I happen to know something about the technology behind this tool, because it I worked on a prototype with the online bank Egg (and even co-presented a paper on it at the 2007 Research conference ). Language Logic has subsequently worked with its creators, the Italian government-run research foundation ISTI-CNR, to integrate theor technology into Ascribe. Though I am often hesitant to state anything is the best, the ISTI-CNR engine is easily the best I have found as it is the most MR-savvy of any automated text-processing technologies. This is not a discovery or text mining tool – it is a coding department in a box.
ACM closely mimics the normal human-intervention coding process, and fits seamlessly into the traditional Ascribe workflow. By using machine learning, it does not attempt to interpret, or extract meaning by looking up words in dictionaries – in fact, it actually does not use dictionaries at all. Instead, you provide it with examples of how you would classify your data into a codeframe, and then set it to learn from this. In Ascribe, this means you simply start coding the data in the way you normally would. As you code, you are creating the training set that ACM needs. When you have coded enough to create a decent training set, you take your foot off the pedal, and let ACM accelerate through the rest.
First, you build the ‘classifiers’ that will identify matching answers. These work by looking for telltale features of the examples you coded. For any individual answer, it could create thousands of these unique features – patterns of words, letters and so on. So many, in fact, that it easily overcomes problems of poorly spelt words, synonyms and so on. When the classifiers have been built, you can then apply them to your uncoded data, and it will categorise them too, applying a confidence score to each coding decision it takes – you can adjust this threshold to make it more or less sensitive. It takes just a few seconds to zip through thousands of verbatims. There is a process for validating the coding decisions the ACM has made, and it will helpfully present validation examples in order of those where it was least confident of its coding decision.
This validation step makes the system very manageable, as you can understand what it is doing and you can improve its performance by correcting any assignment errors, and even react to changes over time. It feels uncanny, too, as the marginal decisions it identifies are often the ones that have the human coders debating where it should go too.
Not that you have to use the ACS with Ascribe – it does command a premium in pricing over manual coding and it is only really suitable for larger volumes. The overhead of training and validation is comparable to manually coding a couple of thousand interviews.
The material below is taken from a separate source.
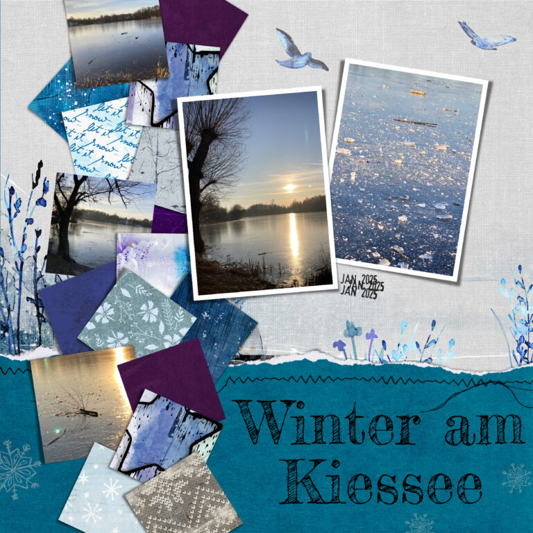 I decided against adding paint splatter or other elements because I want to leave some space for your own interpretation. So the last thing missing is the title and a journaling spot. For the title I chose the font ‘Fredericka the Great’. Since I wanted the journaling to follow the line of the squares I created a path with the pen tool and converted it to text frame. The font is ‘Patrick Hand’.

However, it can also be applied to qualitative projects and web content, such as blogs.
Even manual coding in Ascribe is highly optimised, with tools to let you find similar answers, code by word or phrase matching, and if you wish, re-categorise items at any point. You use it both to create your codeframe and assign answers to it in one integrated step. It’s a multi-user system, and you can give assign responsibilities among the team: some can build codeframes, others only code, and others only analyse. Ascribe also has a surprisingly rich set of analytical tools – even cross-tabbing capabilities. You are not restricted to uploading only the verbatim texts, but the entire survey can go in. It can handle data from SPSS Dimensions now with ease,and it is totally integrated into Confirmit using the Confirmit Web Services interface. Upload routes are provided for most other MR packages.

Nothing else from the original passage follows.